Photo courtesy of Northampton County – Northampton County recently completed installation of a kayak launch at the Oyster harbor. It is free for public use. The kayak launch was paid for with tourism infrastructure funds generated by transient occupancy taxes collected by Northampton hotels, motels, and bed-and-breakfasts.

By Stefanie Jackson – A local nonprofit recently asked Northampton supervisors to waive the fee the county normally charges to review plans for new construction, but it turned into a debate about who gets more breaks in Northampton County, the “haves” or the “have-nots.”

Laura Vaughn, executive director of the Barrier Islands Center, requested a fee waiver in the amount of $1,515 regarding construction of a road to be used by school buses transporting visiting students across the property to the education building.

But as soon as a motion was made and seconded, Supervisor Robert Duer interjected, “I have one of my famous questions. … What do we charge that money for?”

Director of Planning and Zoning Susan McGhee explained that in the past, fees were collected to pay a consultant to review construction plans. But since McGhee now handles plan review, any fees collected essentially help pay her salary.

Duer supported the nonprofit but asked, “What are we going to do for the no-profit people in our county? The people that don’t have any money at the end of the month. … We never waive a fee for them.”
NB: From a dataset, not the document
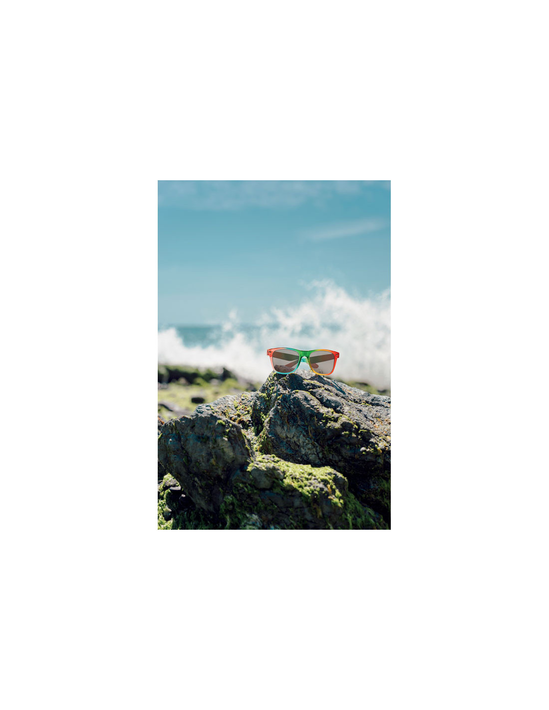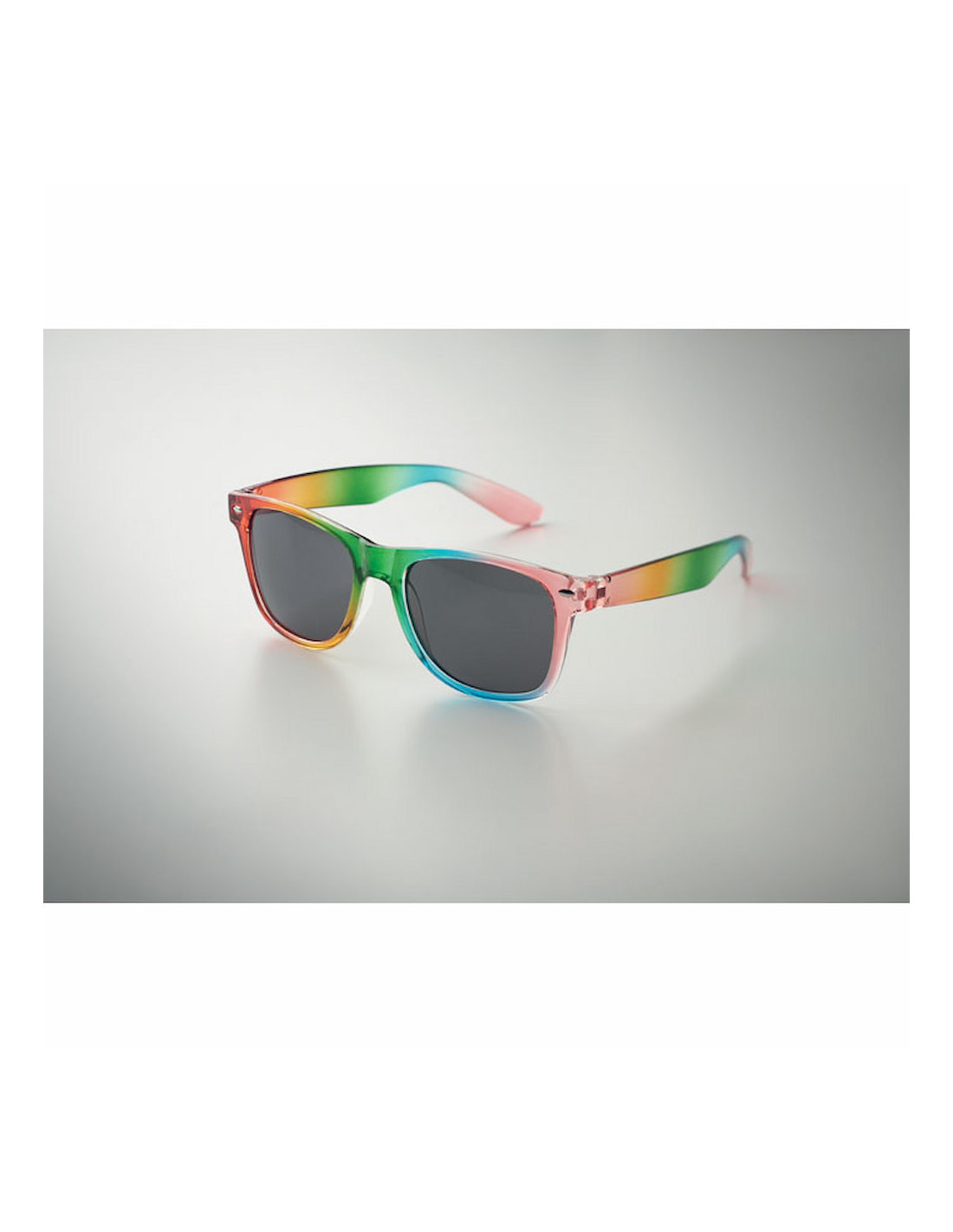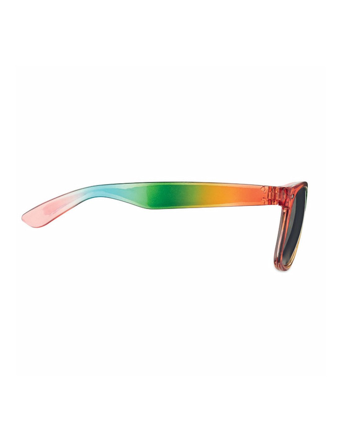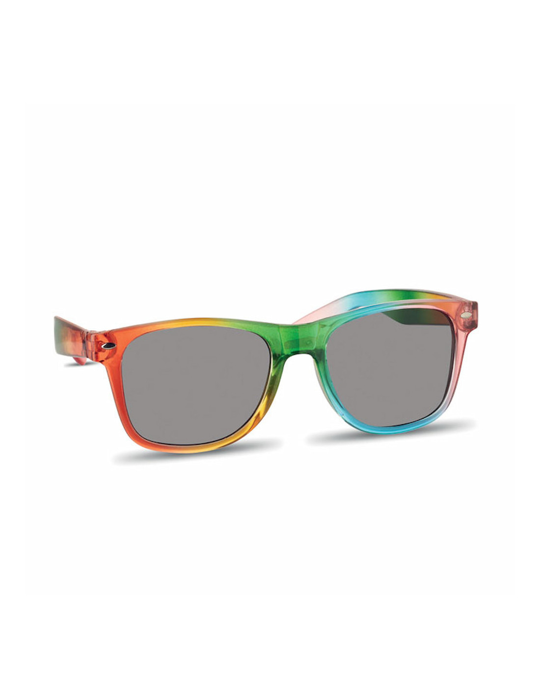 Gafas de sol multicolor con diseño multicolor y montura fabricada en PC, un material ligero y resistente ideal para un uso cómodo durante todo el día. Incorporan protección UV400 que ayuda a proteger los ojos frente a los rayos solares, siendo una opción práctica para actividades al aire libre, festivales, eventos o campañas promocionales. Su diseño llamativo y colorido aporta un estilo alegre y moderno, perfecto para destacar en verano o en acciones de marketing. Con unas dimensiones aproximadas de 14,2 x 4,6 x 14 cm, ofrecen un ajuste cómodo y versátil para diferentes usuarios.

“The ‘haves’ are getting everything, but we haven’t done anything for the poor widow who got an old house she can’t afford to tear down. We’re going to charge her $110 to do that. Where’s her waiver?”
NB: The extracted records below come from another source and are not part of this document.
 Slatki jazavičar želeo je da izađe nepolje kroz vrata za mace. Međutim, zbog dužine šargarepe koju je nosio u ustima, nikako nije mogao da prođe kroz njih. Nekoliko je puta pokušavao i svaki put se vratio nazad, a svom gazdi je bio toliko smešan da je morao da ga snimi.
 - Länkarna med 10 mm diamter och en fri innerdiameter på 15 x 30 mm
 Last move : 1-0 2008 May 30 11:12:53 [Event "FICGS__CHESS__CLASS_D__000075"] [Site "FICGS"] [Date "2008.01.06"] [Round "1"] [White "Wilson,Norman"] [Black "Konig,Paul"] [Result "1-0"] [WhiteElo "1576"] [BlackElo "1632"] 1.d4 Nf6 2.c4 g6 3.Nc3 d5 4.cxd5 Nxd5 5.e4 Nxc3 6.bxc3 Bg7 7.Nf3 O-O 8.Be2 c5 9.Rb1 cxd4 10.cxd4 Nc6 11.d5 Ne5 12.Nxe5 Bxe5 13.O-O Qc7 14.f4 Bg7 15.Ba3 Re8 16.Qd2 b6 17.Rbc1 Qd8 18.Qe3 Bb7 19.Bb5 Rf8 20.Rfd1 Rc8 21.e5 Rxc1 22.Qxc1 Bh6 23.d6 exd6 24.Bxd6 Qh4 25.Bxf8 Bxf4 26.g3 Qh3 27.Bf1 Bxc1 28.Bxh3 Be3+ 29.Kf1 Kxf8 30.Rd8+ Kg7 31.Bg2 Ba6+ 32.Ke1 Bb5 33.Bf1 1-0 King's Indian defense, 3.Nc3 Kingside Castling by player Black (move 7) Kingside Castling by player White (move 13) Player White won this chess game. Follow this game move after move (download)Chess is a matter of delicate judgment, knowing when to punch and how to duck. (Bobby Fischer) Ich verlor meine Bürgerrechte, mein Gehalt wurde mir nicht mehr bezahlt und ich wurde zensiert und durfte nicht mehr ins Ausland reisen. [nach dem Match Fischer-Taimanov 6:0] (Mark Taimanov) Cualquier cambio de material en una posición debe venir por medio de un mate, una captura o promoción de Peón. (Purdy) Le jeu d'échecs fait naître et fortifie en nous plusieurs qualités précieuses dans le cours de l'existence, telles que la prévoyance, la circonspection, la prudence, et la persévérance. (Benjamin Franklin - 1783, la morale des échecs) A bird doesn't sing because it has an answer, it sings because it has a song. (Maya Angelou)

Chairman Spencer Murray pointed out Northampton County offers tax relief for the elderly, and McGhee added that she does not have the power to waive fees.

“I realize that,” Duer said, “But you know what, the guy that’s the runt of the litter, he never gets a break in this county. Never. And that’s why we have tires dumped on Nature Conservancy land and things like that, because they don’t have $12” to pay for the dump to take the tire.

“I’d like to have a break given to some guy who’s in a no-profit situation,” he repeated.

Murray acknowledged Duer has tried to help citizens who struggle financially and has never voted for a tax increase in four years as a supervisor.

County Administrator Charlie Kolakowski approved of Duer’s idea for a needs-based program to waive fees for demolishing dangerous structures, and he agreed to develop the program and present it to supervisors.

Supervisors waived the plan review fee for the Barrier Islands Center in a unanimous decision.